-- Work task --
Please return every record exactly, with no pictures included.

-- Record set --
= = = = = = =

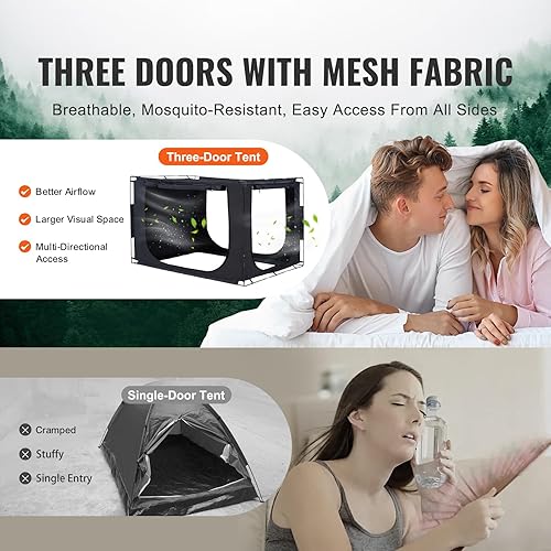 VEVOR Tente de lit en Tissu pongé, Tente de rêve Respirante à 3 Portes avec poteaux en Fibre de 11 mm, 2030 x 1520 x 1190 mm, 70% occultant, pour Maison de Jeu d'enfant et Tente de Couchage d'adulte
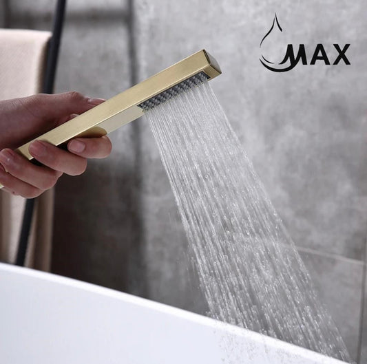 Tub Filler Faucet Floor Mounted Single Handle With Rough-in & Handheld Shower Brushed Gold Finish
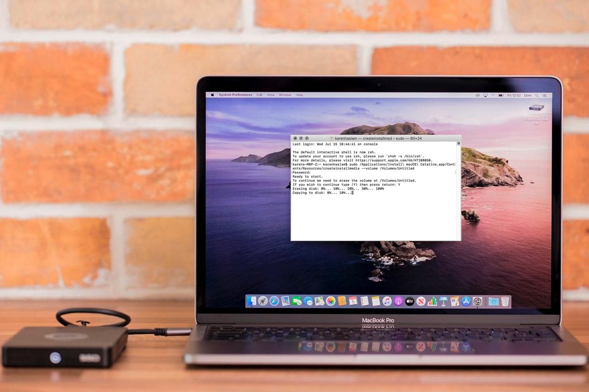 对于较老的Intel处理器Mac,插入启动驱动器(按照上面链接中的说明设置)并按住Option键。然后选择外部启动型驱动器。对于Apple-silicon Macs,按住电源按钮直到可启动的硬盘显示出来,并选择它作为启动盘。
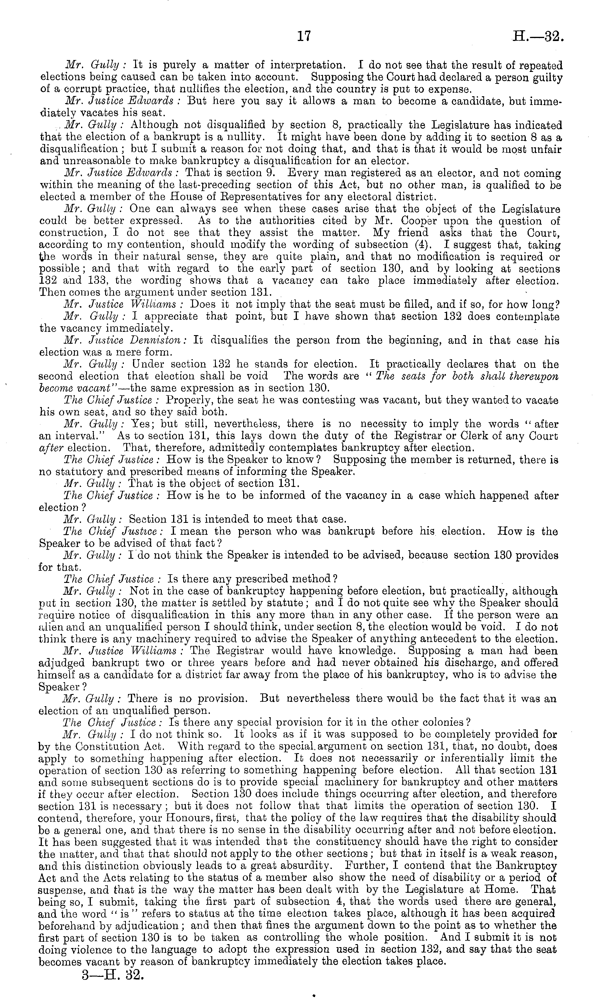 Mr. Gully : It is purely a matter of interpretation. Ido not see that the result of repeated elections being caused can be taken into account. Supposing the Court had declared a person guilty of a corrupt practice, that nullifies the election, and the country is put to expense. Mr. Justice Edwards : But here you say it allows a man to become a candidate, but immediately vacates his seat. Mr. Gully : Although not disqualified by section 8, practically the Legislature has indicated that the election of a bankrupt is a nullity. It might have been done by adding it to section Bas a disqualification ; but I submit a reason for not doing that, and that is that it would be most unfair and unreasonable to make bankruptcy a disqualification for an elector. Mr. Justice Edioards : That is section 9. Every man registered as an elector, and not coming within the meaning of the last-preceding section of this Act, but no other man, is qualified to be elected a member of the House of Representatives for any electoral district. Mr. Gully : One can always see when these cases arise that the object of the Legislature could be better expressed. As to the authorities cited by Mr. Cooper upon the question of construction, I do not see that they assist the matter. My friend asks that the Court, according to my contention, should modify the wording of subsection (4). I suggest that, taking lihe words in their natural sense, they are quite plain, and that no modification is required or possible; and that with regard to the early part of section 130, and by looking at sections 132 and 133, the wording shows that a vacancy can take place immediately after election. Then comes the argument under section 131. Mr. Justice Williams : Does it not imply that the seat must be filled, and if so, for how long? Mr. Gully : I appreciate that point, but I have shown that section 132 does contemplate the vacancy immediately. Mr. Justice Denniston : It disqualifies the person from the beginning, and in that case his election was a mere form. Mr. Gully : Under section 132 he stands for election. It practically declares that on the second election that election shall be void The words are " The seats for both shall thereupon become vacant" —the same expression as in section 130. The Chief Justice : Properly, the seat he was contesting was vacant, but they wanted to vacate his own seat, and so they said both. Mr. Gully: Yes; but still, nevertheless, there is no necessity to imply the words "after an interval." As to section 131, this lays down the duty of the Registrar or Clerk of any Court after election. That, therefore, admittedly contemplates bankruptcy after election. The Chief Justice : How is the Speaker to know ? Supposing the member is returned, there is no statutory and prescribed means of informing the Speaker. Mr. Gully : That is the object of section 131. The Chief Justice : How is he to be informed of the vacancy in a case which happened after election ? Mr. Gully : Section 131 is intended to meet that case. The Chief Justice: I mean the person who was bankrupt before his election. How is the Speaker to be advised of that fact ? Mr. Gully : I do not think the Speaker is intended to be advised, because section 130 provides for that. The Chief Justice : Is there any prescribed method ? Mr. Gully : Not in the case of bankruptcy happening before election, but practically, although put in section 130, the matter is settled by statute; and I do not quite see why the Speaker should require notice of disqualification in this any more than in any other case. If the person were an alien and an unqualified person I should think, under section 8, the election would be void. Ido not think there is any machinery required to advise the Speaker of anything antecedent to the election. Mr. Justice Williams : The Registrar would have knowledge. Supposing a man had been adjudged bankrupt two or three years before and had never obtained his discharge, and offered himself as a candidate for a district far away from the place of his bankruptcy, who is to advise the Speaker ? Mr. Gully : There is no provision. But nevertheless there would be the fact that it was an election of an unqualified person. The Chief Justice : Is there any special provision for it in the other colonies? Mr. Gully : Ido not think so. It looks as if it was supposed to be completely provided for by the Constitution Act. With regard to the special, argument on section 131, that, no doubt, does apply to something happening after election. It does not necessarily or inferentially limit the operation of section 130 as referring to something happening before election. All that section 131 and some subsequent sections do is to provide special machinery for bankruptcy and other matters if they occur after election. Section 130 does include things occurring after election, and therefore section 131 is necessary ; but it does not follow that that limits the operation of section 130. I contend, therefore, your Honours, first, that the policy of the law requires that the disability should be a general one, and that there is no sense in the disability occurring after and not before election. It has been suggested that it was intended that the constituency should have the right to consider the matter, and that that should not apply to the other sections ; but that in itself is a weak reason, and this distinction obviously leads to a great absurdity. Further, I contend that the Bankruptcy Act and the Acts relating to the status of a member also show the need of disability or a period of suspense, and that is the way the matter has been dealt with by the Legislature at Home. That being so, I submit, taking the first part of subsection 4, that the words used there are general, and the word " is " refers to status at the time election takes place, although it has been acquired beforehand by adjudication; and then that fines the argument down to the point as to whether the first part
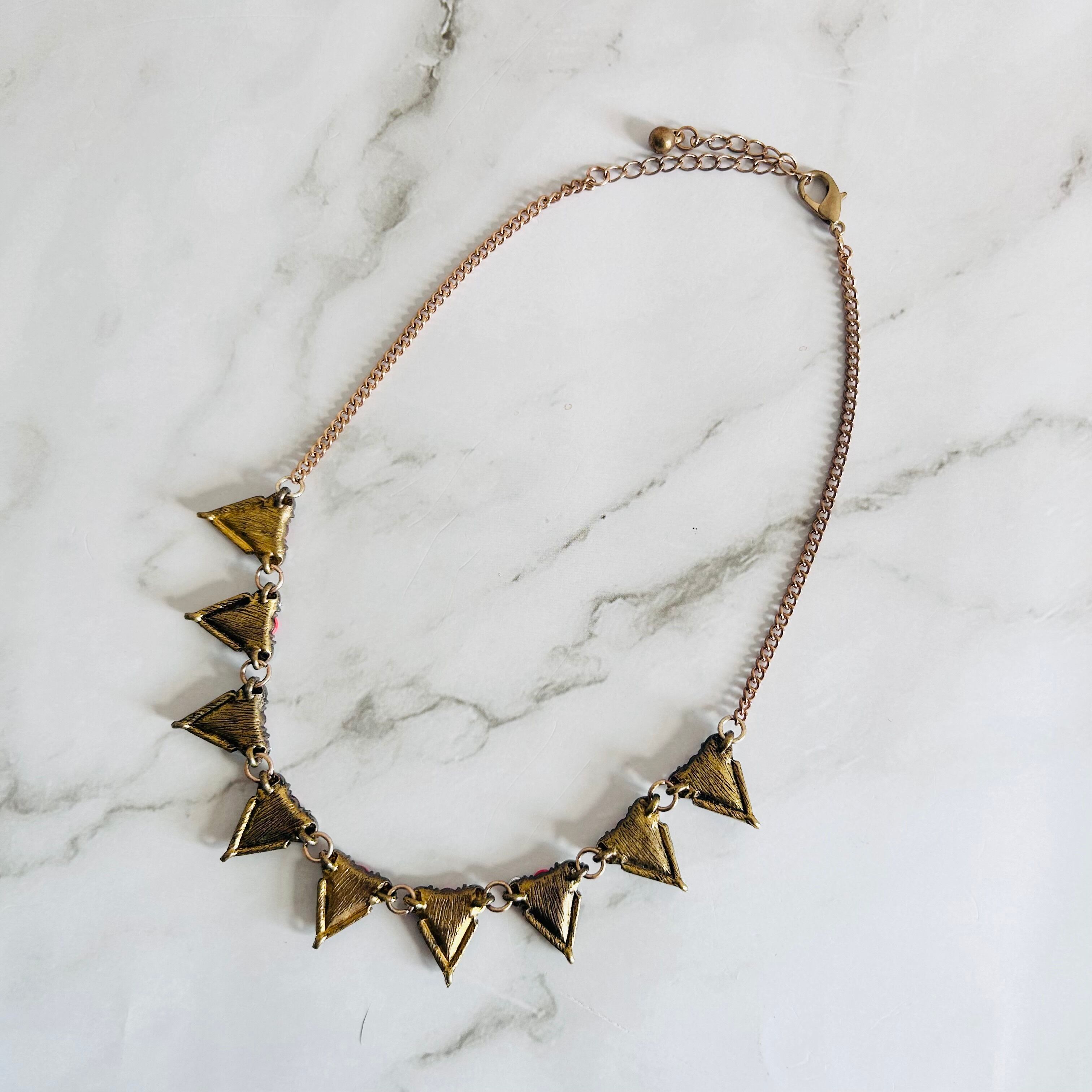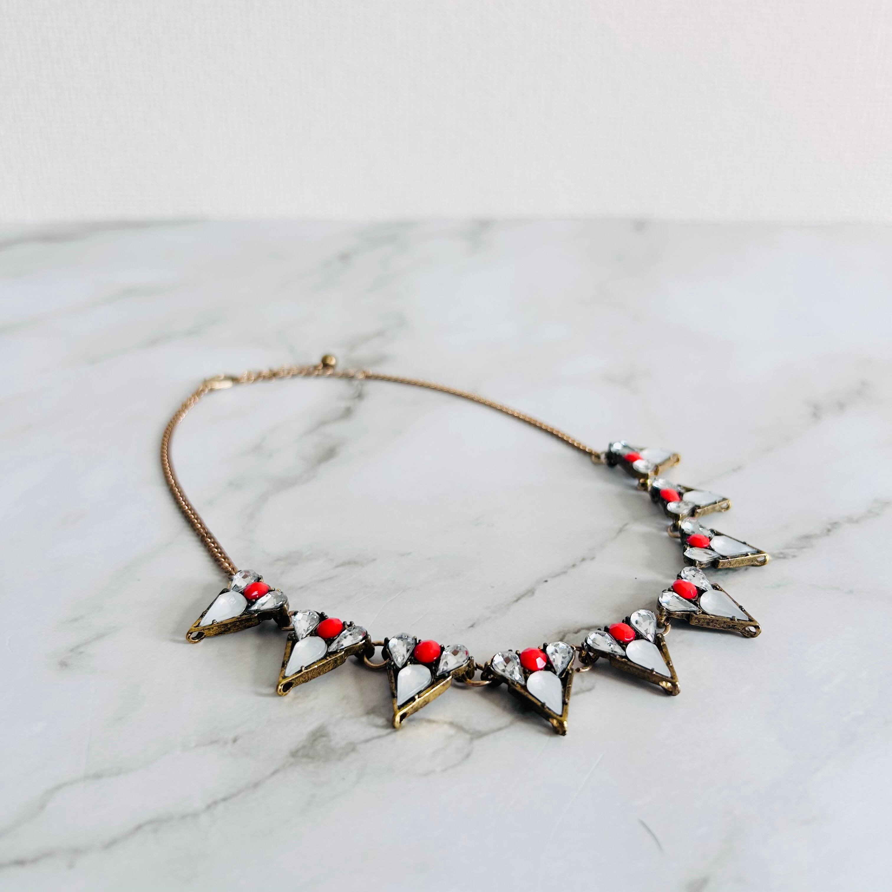 アンティーク調のゴールドチェーンに、透明感のあるクリア、やわらかな乳白色のホワイト、そしてオレンジビジューを組み合わせた華やかなネックレスです。

= = = = = = =

-- Result of the task --
 VEVOR Tente de lit en Tissu pongé, Tente de rêve Respirante à 3 Portes avec poteaux en Fibre de 11 mm, 2030 x 1520 x 1190 mm, 70% occultant, pour Maison de Jeu d'enfant et Tente de Couchage d'adulte
 Tub Filler Faucet Floor Mounted Single Handle With Rough-in & Handheld Shower Brushed Gold Finish
 对于较老的Intel处理器Mac,插入启动驱动器(按照上面链接中的说明设置)并按住Option键。然后选择外部启动型驱动器。对于Apple-silicon Macs,按住电源按钮直到可启动的硬盘显示出来,并选择它作为启动盘。
 Mr. Gully : It is purely a matter of interpretation. Ido not see that the result of repeated elections being caused can be taken into account. Supposing the Court had declared a person guilty of a corrupt practice, that nullifies the election, and the country is put to expense. Mr. Justice Edwards : But here you say it allows a man to become a candidate, but immediately vacates his seat. Mr. Gully : Although not disqualified by section 8, practically the Legislature has indicated that the election of a bankrupt is a nullity. It might have been done by adding it to section Bas a disqualification ; but I submit a reason for not doing that, and that is that it would be most unfair and unreasonable to make bankruptcy a disqualification for an elector. Mr. Justice Edioards : That is section 9. Every man registered as an elector, and not coming within the meaning of the last-preceding section of this Act, but no other man, is qualified to be elected a member of the House of Representatives for any electoral district. Mr. Gully : One can always see when these cases arise that the object of the Legislature could be better expressed. As to the authorities cited by Mr. Cooper upon the question of construction, I do not see that they assist the matter. My friend asks that the Court, according to my contention, should modify the wording of subsection (4). I suggest that, taking lihe words in their natural sense, they are quite plain, and that no modification is required or possible; and that with regard to the early part of section 130, and by looking at sections 132 and 133, the wording shows that a vacancy can take place immediately after election. Then comes the argument under section 131. Mr. Justice Williams : Does it not imply that the seat must be filled, and if so, for how long? Mr. Gully : I appreciate that point, but I have shown that section 132 does contemplate the vacancy immediately. Mr. Justice Denniston : It disqualifies the person from the beginning, and in that case his election was a mere form. Mr. Gully : Under section 132 he stands for election. It practically declares that on the second election that election shall be void The words are " The seats for both shall thereupon become vacant" —the same expression as in section 130. The Chief Justice : Properly, the seat he was contesting was vacant, but they wanted to vacate his own seat, and so they said both. Mr. Gully: Yes; but still, nevertheless, there is no necessity to imply the words "after an interval." As to section 131, this lays down the duty of the Registrar or Clerk of any Court after election. That, therefore, admittedly contemplates bankruptcy after election. The Chief Justice : How is the Speaker to know ? Supposing the member is returned, there is no statutory and prescribed means of informing the Speaker. Mr. Gully : That is the object of section 131. The Chief Justice : How is he to be informed of the vacancy in a case which happened after election ? Mr. Gully : Section 131 is intended to meet that case. The Chief Justice: I mean the person who was bankrupt before his election. How is the Speaker to be advised of that fact ? Mr. Gully : I do not think the Speaker is intended to be advised, because section 130 provides for that. The Chief Justice : Is there any prescribed method ? Mr. Gully : Not in the case of bankruptcy happening before election, but practically, although put in section 130, the matter is settled by statute; and I do not quite see why the Speaker should require notice of disqualification in this any more than in any other case. If the person were an alien and an unqualified person I should think, under section 8, the election would be void. Ido not think there is any machinery required to advise the Speaker of anything antecedent to the election. Mr. Justice Williams : The Registrar would have knowledge. Supposing a man had been adjudged bankrupt two or three years before and had never obtained his discharge, and offered himself as a candidate for a district far away from the place of his bankruptcy, who is to advise the Speaker ? Mr. Gully : There is no provision. But nevertheless there would be the fact that it was an election of an unqualified person. The Chief Justice : Is there any special provision for it in the other colonies? Mr. Gully : Ido not think so. It looks as if it was supposed to be completely provided for by the Constitution Act. With regard to the special, argument on section 131, that, no doubt, does apply to something happening after election. It does not necessarily or inferentially limit the operation of section 130 as referring to something happening before election. All that section 131 and some subsequent sections do is to provide special machinery for bankruptcy and other matters if they occur after election. Section 130 does include things occurring after election, and therefore section 131 is necessary ; but it does not follow that that limits the operation of section 130. I contend, therefore, your Honours, first, that the policy of the law requires that the disability should be a general one, and that there is no sense in the disability occurring after and not before election. It has been suggested that it was intended that the constituency should have the right to consider the matter, and that that should not apply to the other sections ; but that in itself is a weak reason, and this distinction obviously leads to a great absurdity. Further, I contend that the Bankruptcy Act and the Acts relating to the status of a member also show the need of disability or a period of suspense, and that is the way the matter has been dealt with by the Legislature at Home. That being so, I submit, taking the first part of subsection 4, that the words used there are general, and the word " is " refers to status at the time election takes place, although it has been acquired beforehand by adjudication; and then that fines the argument down to the point as to whether the first part
 アンティーク調のゴールドチェーンに、透明感のあるクリア、やわらかな乳白色のホワイト、そしてオレンジビジューを組み合わせた華やかなネックレスです。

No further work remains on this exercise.